Exercise prompt
Find the line containing "Гірлянда металеві кульки, різнобарвна, провід" in the listing below. Repeat it exactly, along with each following line up to and including the one containing "ล่าสุด วันที่ 5".

Extracted information
☆ ☆ ☆
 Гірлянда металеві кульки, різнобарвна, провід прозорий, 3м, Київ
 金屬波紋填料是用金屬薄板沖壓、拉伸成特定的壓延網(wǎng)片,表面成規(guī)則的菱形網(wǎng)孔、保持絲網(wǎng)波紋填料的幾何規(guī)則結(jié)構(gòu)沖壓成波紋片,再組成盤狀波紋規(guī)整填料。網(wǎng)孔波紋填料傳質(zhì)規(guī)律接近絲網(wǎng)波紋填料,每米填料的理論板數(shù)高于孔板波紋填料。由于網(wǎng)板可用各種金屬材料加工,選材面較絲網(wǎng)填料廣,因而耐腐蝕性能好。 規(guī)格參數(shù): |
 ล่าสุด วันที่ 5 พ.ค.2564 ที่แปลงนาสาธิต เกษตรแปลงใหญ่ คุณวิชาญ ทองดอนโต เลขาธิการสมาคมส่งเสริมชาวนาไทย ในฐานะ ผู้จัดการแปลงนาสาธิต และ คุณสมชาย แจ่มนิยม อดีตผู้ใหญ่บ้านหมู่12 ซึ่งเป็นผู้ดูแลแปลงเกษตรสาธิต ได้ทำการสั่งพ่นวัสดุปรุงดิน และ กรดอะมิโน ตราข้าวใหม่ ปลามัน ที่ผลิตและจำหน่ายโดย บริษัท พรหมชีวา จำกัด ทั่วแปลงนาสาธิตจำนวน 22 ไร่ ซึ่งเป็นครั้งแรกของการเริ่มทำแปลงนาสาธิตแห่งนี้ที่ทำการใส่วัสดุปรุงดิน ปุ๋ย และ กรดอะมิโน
☆ ☆ ☆
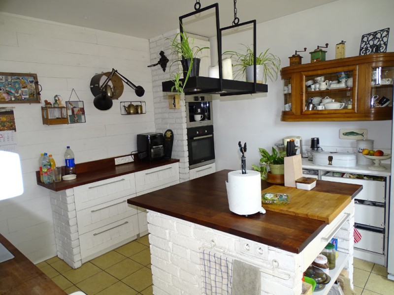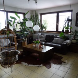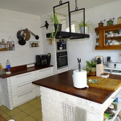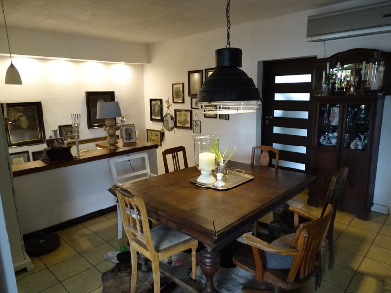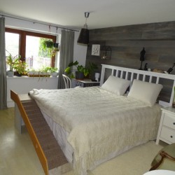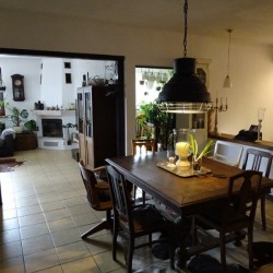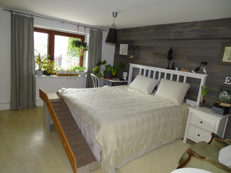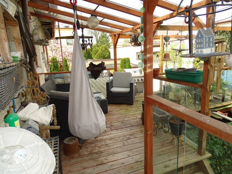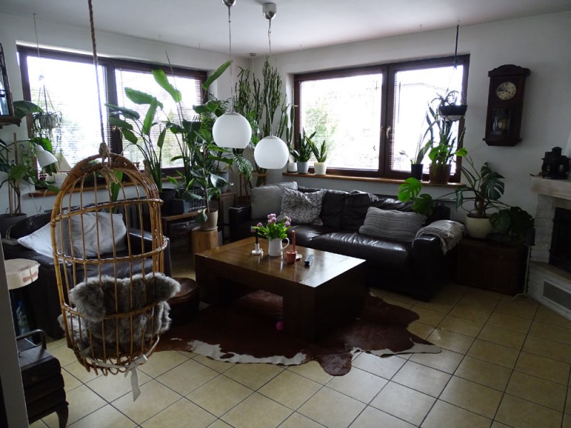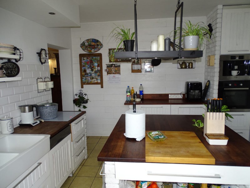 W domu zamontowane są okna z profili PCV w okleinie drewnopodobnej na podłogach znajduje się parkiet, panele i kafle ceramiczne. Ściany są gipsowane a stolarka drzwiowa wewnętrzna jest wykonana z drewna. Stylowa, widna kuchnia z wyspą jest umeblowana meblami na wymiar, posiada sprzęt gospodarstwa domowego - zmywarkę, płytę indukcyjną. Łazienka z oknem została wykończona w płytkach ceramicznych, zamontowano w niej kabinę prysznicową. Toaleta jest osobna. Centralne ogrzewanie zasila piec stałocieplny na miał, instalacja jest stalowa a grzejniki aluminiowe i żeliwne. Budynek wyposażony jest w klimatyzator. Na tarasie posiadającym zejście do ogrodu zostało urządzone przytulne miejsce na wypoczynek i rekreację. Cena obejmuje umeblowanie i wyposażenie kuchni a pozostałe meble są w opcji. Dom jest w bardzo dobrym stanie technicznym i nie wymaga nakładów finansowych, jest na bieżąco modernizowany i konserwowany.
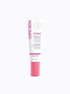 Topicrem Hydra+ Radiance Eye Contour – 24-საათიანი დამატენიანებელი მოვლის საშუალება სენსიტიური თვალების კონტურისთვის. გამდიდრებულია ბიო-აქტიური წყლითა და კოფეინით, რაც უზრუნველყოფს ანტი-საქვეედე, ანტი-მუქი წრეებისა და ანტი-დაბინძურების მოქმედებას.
☆ ☆ ☆
The answer
 Гірлянда металеві кульки, різнобарвна, провід прозорий, 3м, Київ
 金屬波紋填料是用金屬薄板沖壓、拉伸成特定的壓延網(wǎng)片,表面成規(guī)則的菱形網(wǎng)孔、保持絲網(wǎng)波紋填料的幾何規(guī)則結(jié)構(gòu)沖壓成波紋片,再組成盤狀波紋規(guī)整填料。網(wǎng)孔波紋填料傳質(zhì)規(guī)律接近絲網(wǎng)波紋填料,每米填料的理論板數(shù)高于孔板波紋填料。由于網(wǎng)板可用各種金屬材料加工,選材面較絲網(wǎng)填料廣,因而耐腐蝕性能好。 規(guī)格參數(shù): |
 ล่าสุด วันที่ 5 พ.ค.2564 ที่แปลงนาสาธิต เกษตรแปลงใหญ่ คุณวิชาญ ทองดอนโต เลขาธิการสมาคมส่งเสริมชาวนาไทย ในฐานะ ผู้จัดการแปลงนาสาธิต และ คุณสมชาย แจ่มนิยม อดีตผู้ใหญ่บ้านหมู่12 ซึ่งเป็นผู้ดูแลแปลงเกษตรสาธิต ได้ทำการสั่งพ่นวัสดุปรุงดิน และ กรดอะมิโน ตราข้าวใหม่ ปลามัน ที่ผลิตและจำหน่ายโดย บริษัท พรหมชีวา จำกัด ทั่วแปลงนาสาธิตจำนวน 22 ไร่ ซึ่งเป็นครั้งแรกของการเริ่มทำแปลงนาสาธิตแห่งนี้ที่ทำการใส่วัสดุปรุงดิน ปุ๋ย และ กรดอะมิโน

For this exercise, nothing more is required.